RESULTS OF OPERATIONS
THREE MONTHS ENDED SEPTEMBER 30, 2003 VERSUS THREE MONTHS ENDED SEPTEMBER 30,
2002
Our revenues for the three months ended September 30, 2003 decreased $817 from
2002 primarily as a result of decreased investment banking fees of $1,336.
Our expenses for the three months ended September 30, 2003 decreased $6,085 from
2002 primarily as a result of decreased compensation and benefits of $1,788,
decreased brokerage, communication and clearance fees of $2,640 and other
expenses of $1,523.
Our revenues for the three months ended September 30, 2003 consisted of
commissions of $11,320, net principal transactions of $897, investment banking
fees of $454, investment advisory fees of $603, interest and dividends of $436,
syndicate and underwriting income of $128 and other income of $1,322. Our
revenues for the three months ended September 30, 2002 consisted of commissions
of $10,712, net principal transactions of $954, investment banking fees of
$1,790, investment advisory fees of $651, interest and dividends of $579,
syndicating and underwriting income of $91 and other income of $1,200. Our
expenses for the three months ended September 30, 2003 consisted of compensation
and benefits of $10,247 and other expenses of $7,394. Our expenses for the three
months ended September 30, 2002 consisted of compensation and benefits of
$12,035, and other expenses of $11,691.
The $608 (5.7%) increase in commission income primarily resulted from an
improvement in the market for equity securities during the three months ended
September 30, 2003.
The $57 (6.0%) decrease in net principal transactions was primarily the result
of a decrease in sales credits of approximately $344, net of an increase in
trading income during the three months ended September 30, 2003.
The $1,336 (74.6%) decrease in investment banking fees was primarily the result
of decreased revenue from private placement and advisory assignments due to the
decrease in capital markets activity in 2003 compared to 2002, as well as a
reduction in the number of professional staff in the corporate finance area of
the investment banking department.
19
ITEM 2. MANAGEMENT'S DISCUSSION AND ANALYSIS OF FINANCIAL CONDITION AND
RESULTS OF OPERATIONS - CONTINUED
(DOLLARS IN THOUSANDS, EXCEPT PER SHARE AMOUNTS)
The decrease in compensation expense of $1,788 (14.9%) was primarily due to the
net decrease in revenues and various staff reductions in the third and fourth
quarters of 2002, as well as in the first and second quarters of 2003.
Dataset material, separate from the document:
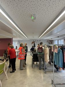 Une façon d’aller à la rencontre des résidents en créant un évènement inhabituel  qui conjugue pour ceux-ci l’agrément d’échanger et  l’opportunité de rénover, juste avant les fêtes de noël, leur garde-robe.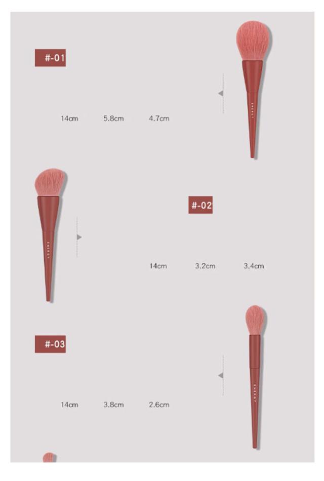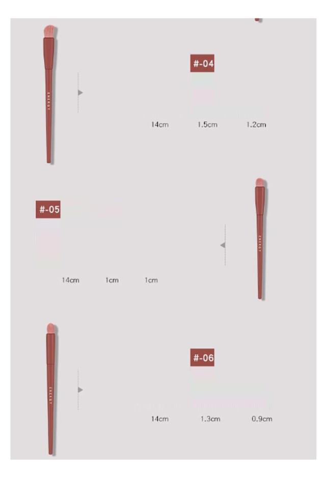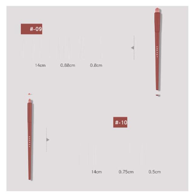 | サイズについての説明 | 10本セット: 01/パウダーブラシ/14cm 02/シェーディングブラシ/14cm 03/ハイライトブラシ/14cm 04/ノーズシャドウブラシ/14cm 05/アイシャドウブラシ(大)/14cm 06/ぼかしブラシ/14cm 07/アイシャドウブラシ(小)/14cm 08/アイブロウブラシ/14cm 09/コンシーラーブラシ/14cm 10/ぼかしブラシ(小)/14cm ※サイズ表の実寸法は商品によって1-2cm程度の誤差がある場合がございます。 |

The decrease of $2,640 (70.6%) in brokerage, communication and clearance fees is
primarily due to the renegotiation of our clearing agreement with our primary
clearing broker (effective November 2002) and the decrease in proprietary
trading activities in 2003 compared to 2002.
The $1,523 (40.1%) decrease in other expenses was primarily due to decreases in
customer arbitration settlements, insurance premiums expense, license and
registration fees and valuation allowances relating to receivables.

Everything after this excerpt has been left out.